Effects of the Invention As described above, the present invention is based on the control value of the steering amount generated from the detection signal of the gust sensor 22 of the open loop control section 20 and the detection signal of the whole machine motion sensor 26 of the closed loop control section 21. An optimal control system is constructed that operates the actuator 2 that steers the control surface of the aircraft 1 by adding the control value of the generated steering amount. It is possible to reduce the gust load due to continuous gust wind including a wide range of frequency components mainly by the closed loop control unit 21. Therefore, according to the present invention, a single control system can exhibit the effect of reducing the load against standing gusts and continuous gusts. In addition, the open loop control section 20 and the closed loop control section 21
do not operate independently,
They are added at addition point A in the control system,
Optimization control can be performed for both standing gusts and continuous gusts. Due to these factors, the structure of the aircraft can be made lighter, and the comfort of the aircraft can also be improved.
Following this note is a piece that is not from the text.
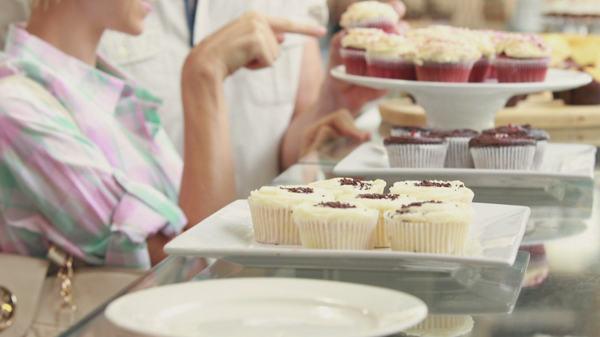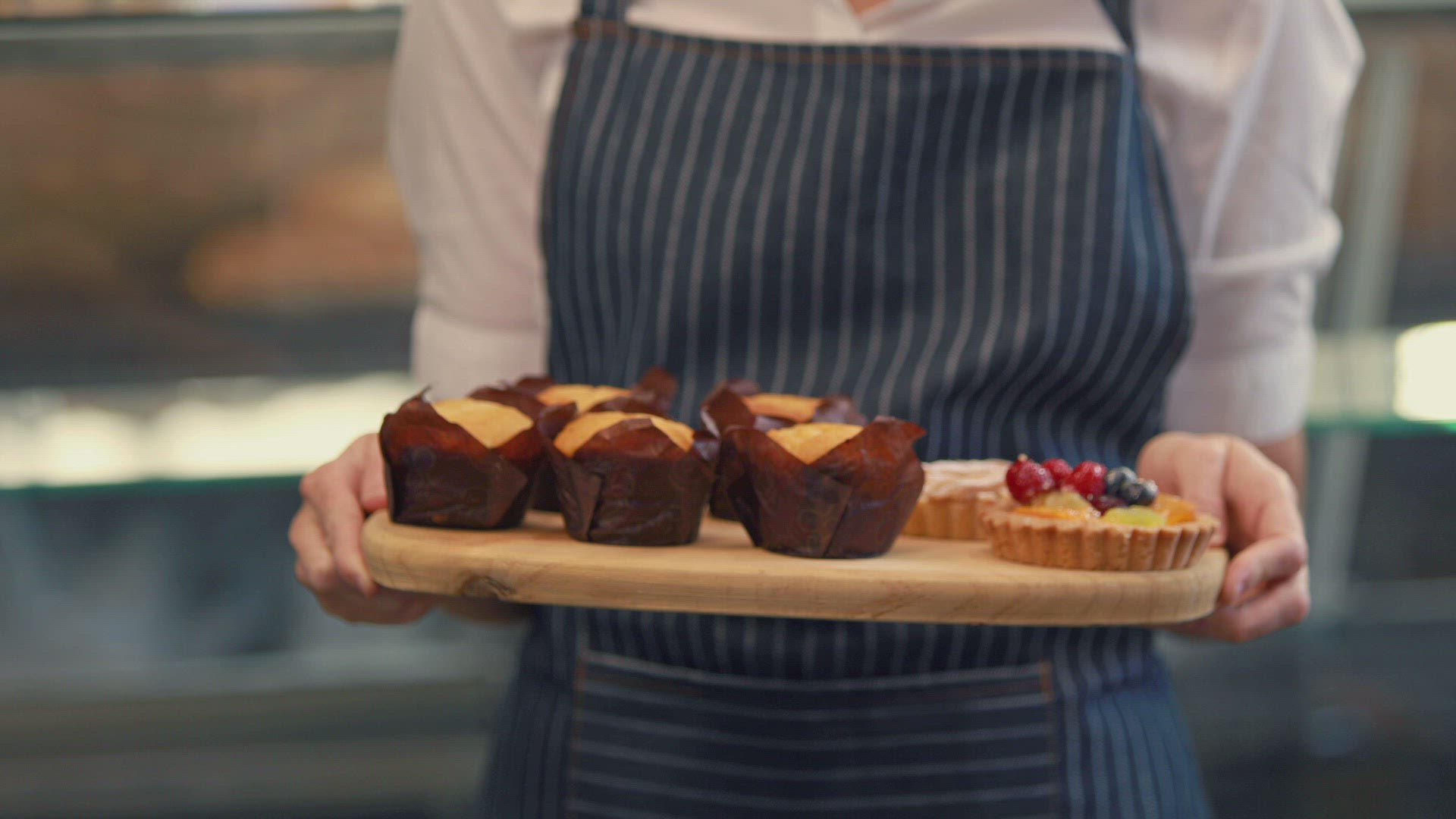Happy pretty woman preparing plate of cake in high quality 4k format

[Brief explanation of drawings]

FIG. 1 is a block diagram showing an embodiment of the gust load reduction control method for an aircraft according to the present invention, FIG. 2 is an explanatory diagram showing an overview of an aircraft to which the gust load reduction control method of the present invention is applied, and FIG. Figure 4 is a graph of numerical simulation results showing the load response time history for standing gusts, Figure 4 is a graph of numerical simulation results showing the load power spectrum for continuous gusts, Figure 5 is a block diagram showing the conventional open loop control method. FIG. 6 is a block diagram showing a conventional closed loop control system. 1... Airframe, 2, 2a, 2b... Actuator, 20... Open loop control section, 21... Closed loop control section, 22... Gust sensor,
23...washout filter, 24...prefilter, 25...first gain setting device, 26,
26a, 26b... Whole aircraft motion sensor, 27... Compensator, 28... Second gain setter, 29... Outer aileron, 30... Elevator, 33... Inner aileron, W... ...Main wing.

Claims (1)

[Claims] 1. It has an open-loop control unit that detects the vertical component of gusts using a gust sensor installed in the nose of the aircraft and reduces the load caused by the gust using control surface steering. It has a closed-loop control unit that detects the aircraft movement using a motion sensor and suppresses the elastic vibration of the aircraft using control surface steering, and the control value of the steering amount generated from the detection signal of the gust sensor of the open-loop control unit and the closed-loop control unit. By configuring one optimal control system that adds the control value of the steering amount generated from the detection signal of the whole aircraft motion sensor in the control unit and operates the actuator that steers the control surface of the aircraft, it is possible to An aircraft gust load reduction control method characterized by reducing gust load.